I’ve been chasing BGP security since before the publication of the soBGP drafts, way back in the early 2000’s (that’s almost 20 years for those who are math challenged). The most recent news largely centers on the RPKI, which is used to ensure the AS originating an advertisements is authorized to do so (or rather “owns” the resource or prefix). If you are not “up” on what the RPKI does, or how it works, you might find this old blog post useful—its actually the tenth post in a ten post series on the topic of BGP security.

Recent news in this space largely centers around the ongoing deployment of the RPKI. According to Wired, Google and Facebook have both recently adopted MANRS, and are adopting RPKI. While it might not seem like autonomous systems along the edge adopting BGP security best practices and the RPKI system can make much of a difference, but the “heavy hitters” among the content providers can play a pivotal role here by refusing to accept routes that appear to be hijacked. This not only helps these providers and their customers directly—a point the Wired article makes—this also helps the ‘net in a larger way by blocking attackers access to at least some of the “big fish” in terms of traffic.

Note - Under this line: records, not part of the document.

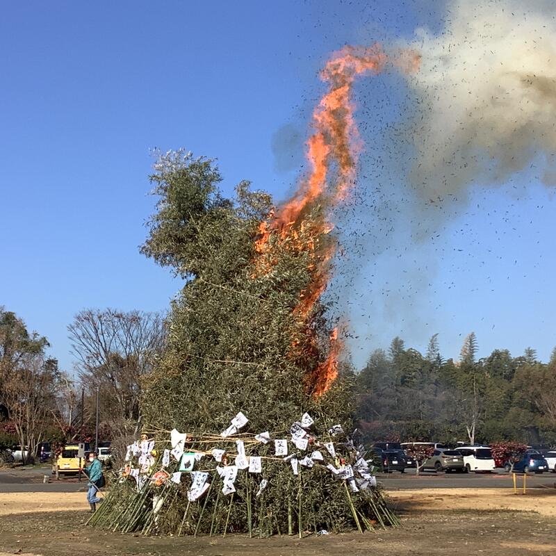 正月飾りや書初めなどを集めて燃やす日本の伝統行事です。
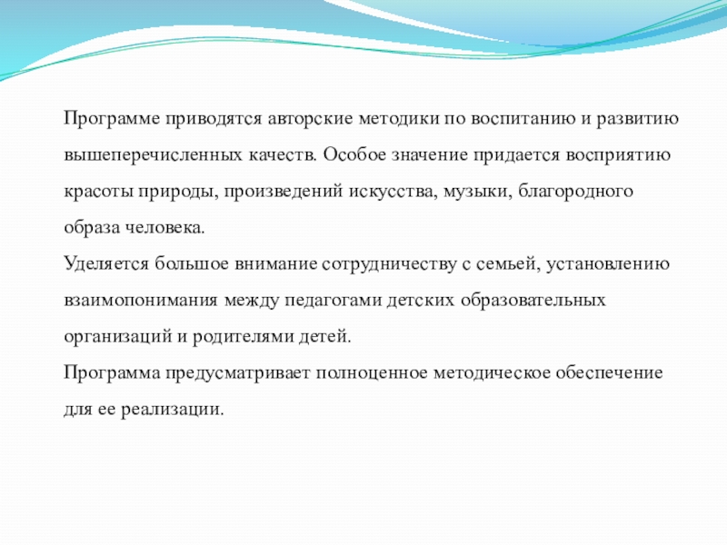 значение придается восприятию красоты природы, произведений искусства, музыки, благородного образа человека. Уделяется большое внимание сотрудничеству с семьей, установлению взаимопонимания между педагогами детских образовательных организаций и родителями детей. Программа предусматривает полноценное методическое обеспечение для ее реализации.
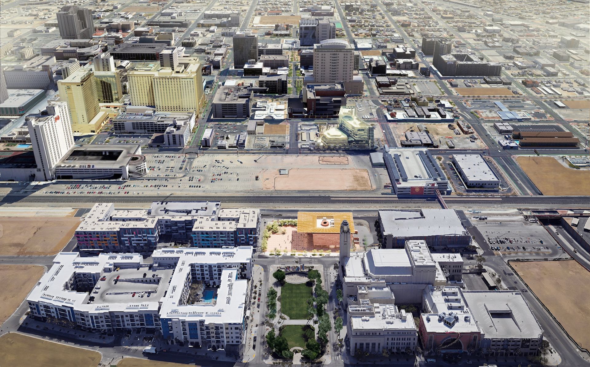 Aerial view of the future Las Vegas Museum of Art (centre) in Downtown Las Vegas © Kéré Architecture, Courtesy of Las Vegas Museum of Art
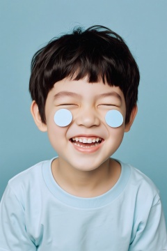Photograph, young boy with short dark hair, wearing a light blue t-shirt, smiling with eyes closed, two white circles on his cheeks, soft blue background, playful and cheerful expression, natural light, playful mood.
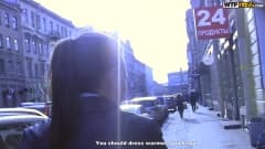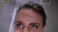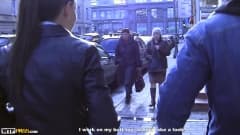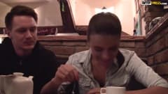 Esta morena sensual está sentada a tomar um café quando entretanto homens chegam para se meter com ela e vão leva-la para a casa de banho.
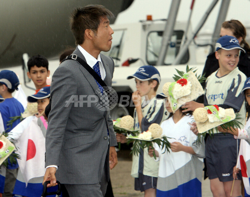 【フランクフルト/ドイツ 26日 AFP】6月9日から開幕する06サッカーW杯に出場する日本代表は、26日に開催地ドイツのフランクフルト国際空港に到着した。この後、日本代表は大会期間中のキャンプ地となるボンへ移動する。3大会連続3度目の出場となる日本代表は5月30日にドイツと6月4日にはマルタと親善試合を行い本大会に臨む。写真は、フランクフルト国際空港でファンの歓迎を受ける中田英寿(Hidetoshi Nakata)。(c)AFP/TOSHIFUMI KITAMURA
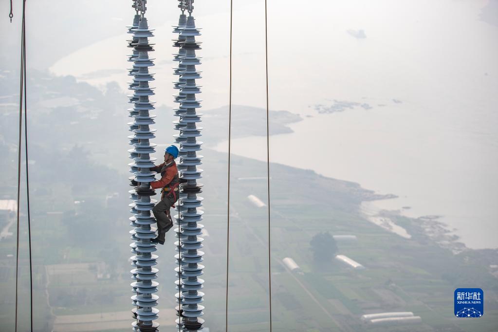 12月5日,在白鹤滩—江苏±800千伏特高压直流输电线路工程(重庆段)江津长江大跨越施工现场,工人在长江上空作业。
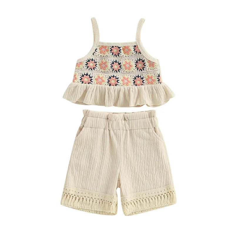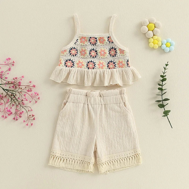 Summer Girls Clothing Sets Floral Design Ruffled Trim Sleeveless Tank Tops and Tassel Shorts Baby Clothes Children Kids Outfits
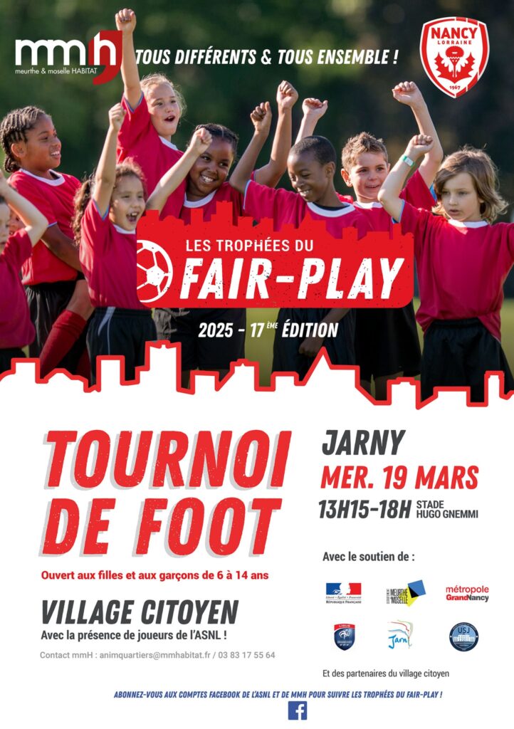 Les Trophées du Fair-Play signent leur retour en 2025 pour une 17e édition. Organisé conjointement par l’AS Nancy Lorraine et meurthe & moselle HABITAT, l’événement propose de réunir les jeunes joueurs de football, de 6 à 14 ans, pour un grand tournoi, en présence de joueurs de l’ASNL.
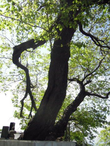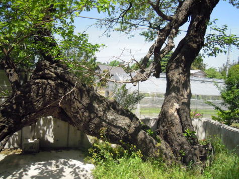 群馬県渋川市に合併した北橘地区は赤城南麓の地。上箱田の石田家墓地に自生するクワの大木です。養蚕の盛んな群馬県にあって、畑で栽培されることが多いのですが、これだけ大木になるのは珍しいのだそうです。3本に枝分かれしています。古木というより老木といった風格の大クワです。
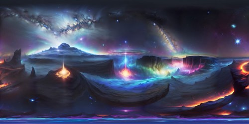 Radiant RealismVR360 panorama, masterpiece quality, ultra high-resolution textures, Milky Way grandeur. Brilliant star clusters, vivid galaxies, nebulae in surreal art style. Emphasizing expansive awe, infinite cosmic beauty.
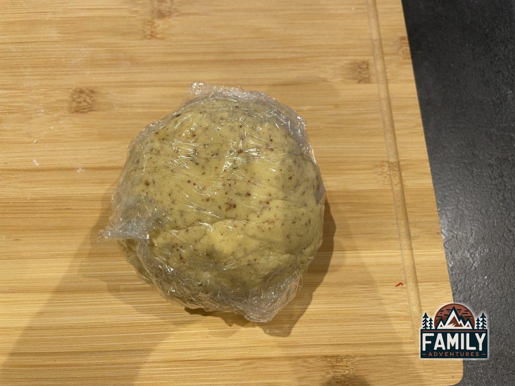 4. Den Teig in Frischhaltefolie wickeln und für mindestens 30 Minuten im Kühlschrank ruhen lassen.
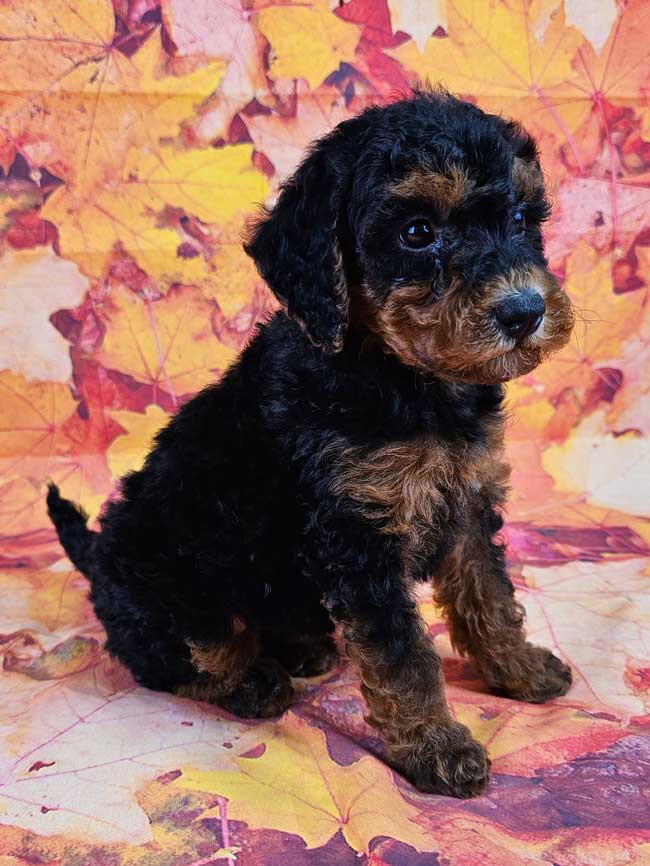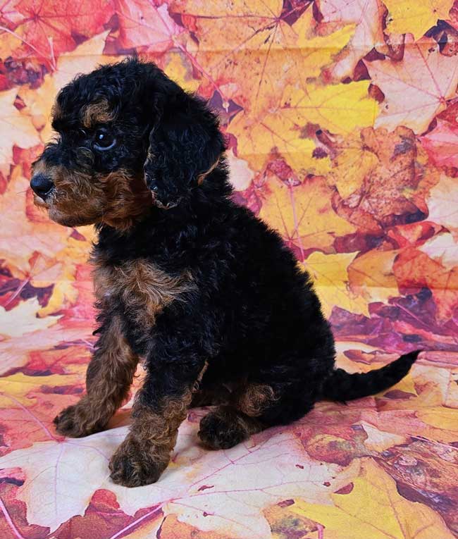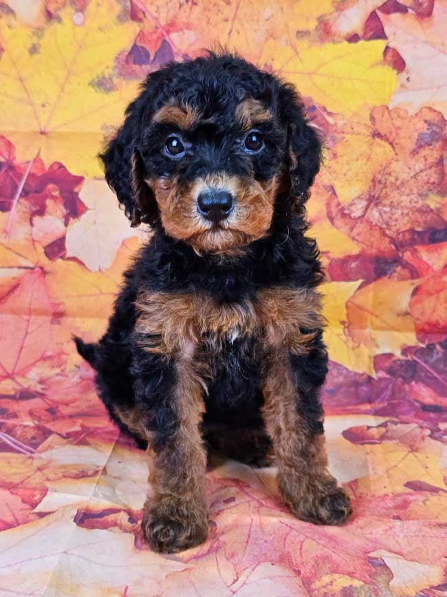 Kimber is a Micro Mini Sheepadoodle. Both of the parents are health genetic tested to ensure that none of the puppies are affected by any hereditary health problem the breed may have. Mom (Maisie) is a 30 lb. first generation Mini. Sheepadoodle. Dad (Rojo) is an AKC registered Mini Poodle weighing 17 lbs. Estimated Adult weight is 20-25 lbs.
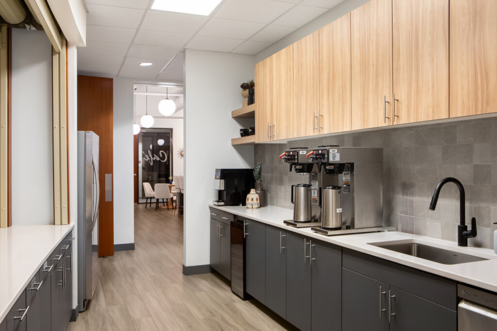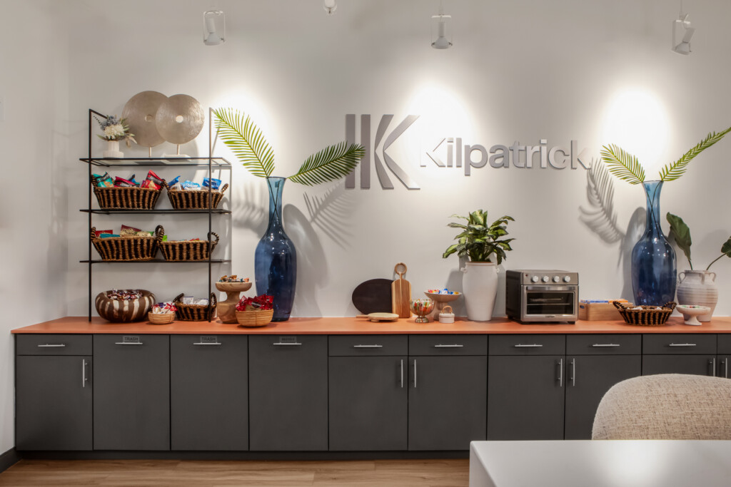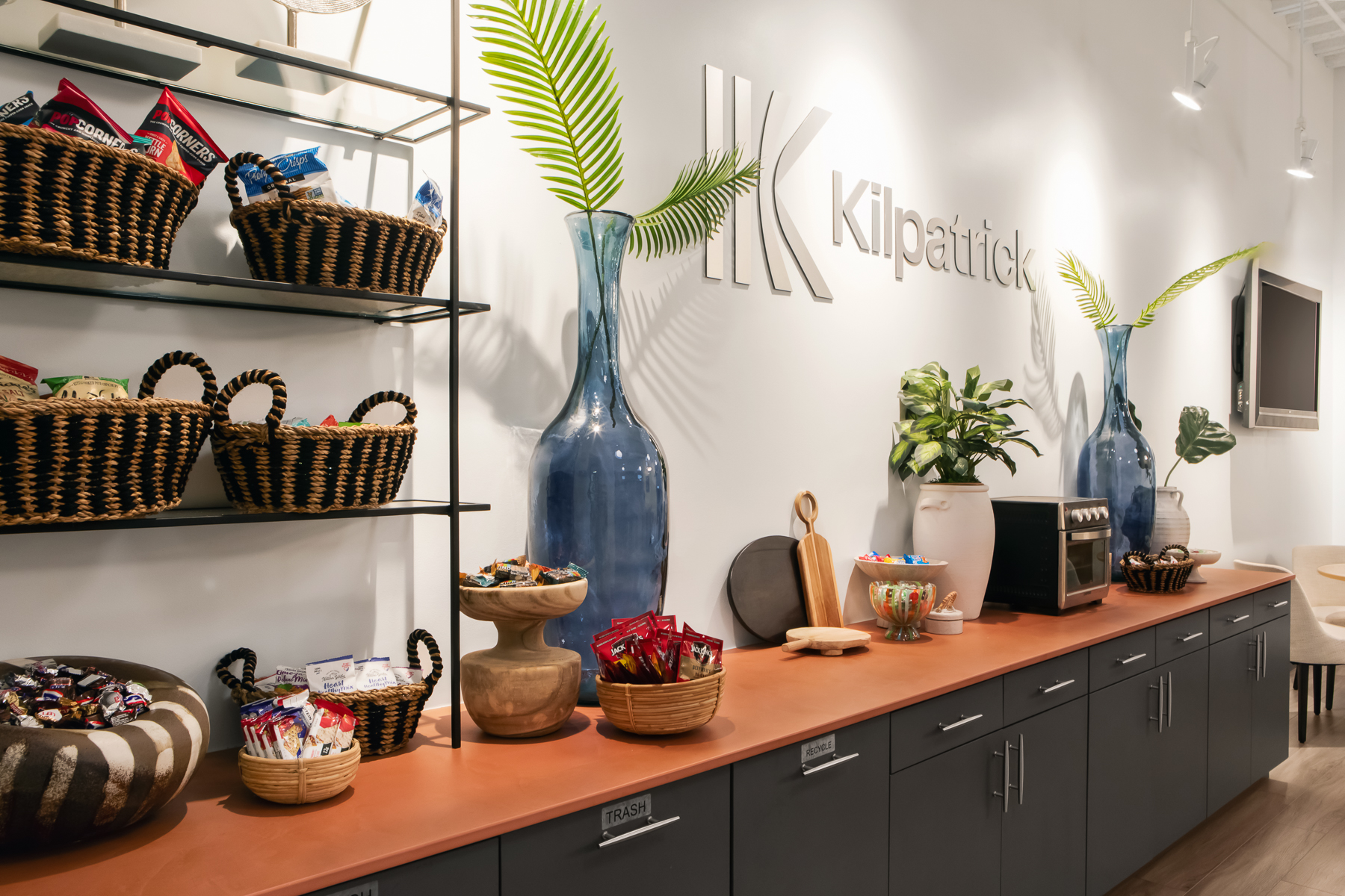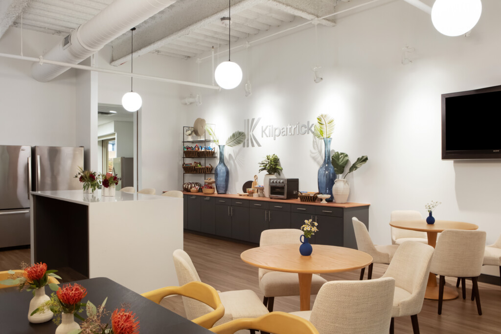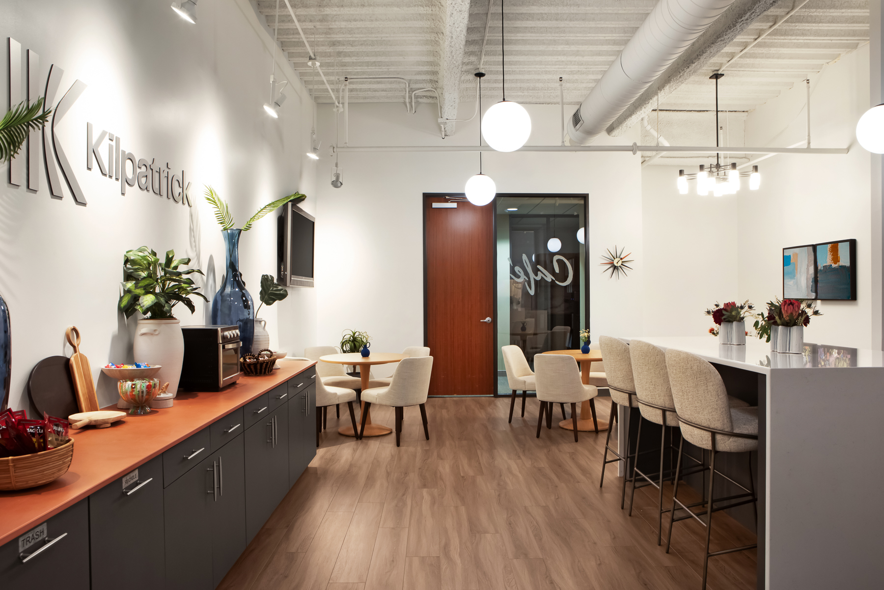 TEW Design Studio partnered with Raleigh law office, Kilpatrick Townsend & Stockton (KTS), to reimagine their communal breakroom and servery as part of a larger effort to align the firm’s environment with its refreshed brand identity. The goal was to move away from a dated, utilitarian space toward one that feels bright, balanced, and reflective of the firm’s collaborative culture.

Leslie Daigle, over at the Global Cyber Alliance—an organization I’d never heard of until I saw this—has a post up explaining exactly how deploying the RPKI in an edge AS can make a big difference in the service level from a customer’s perspective. Leslie is looking for operators who will fill out a survey on the routing security measures they deploy. If you operate a network that has any sort of BGP presence in the default-free zone (DFZ), it’s worth taking a look and filling the survey out.

One of the various problems with routing security is just being able to see what’s in the RPKI. If you have a problem with your route in the global table, you can always go look at a route view server or looking glass (a topic I will cover in some detail in an upcoming live webinar over on Safari Books Online—I think it’s scheduled for February right now). But what about the RPKI? RIPE NCC has released a new tool called the JDR:

Just like RP software, JDR interprets certificates and signed objects in the RPKI, but instead of producing a set of Verified ROA Payloads (VRPs) to be fed to a router, it annotates everything that could somehow cause trouble. It will go out of its way to try to decode and parse objects: even if a file is clearly violating the standards and should be rejected by RP software, JDR will try to process it and present as much troubleshooting information to the end-user afterwards.

You can find the JDR here.

Finally, the folks at APNIC, working with NLnet Labs, have taken a page from the BGP playbook and proposed an opaque object for the RPKI, extending it beyond “just prefixes.” They’ve created a new Resource Tagged Attestations, or RTAs, which can carry “any arbitrary file.” They have a post up explaining the rational and work here.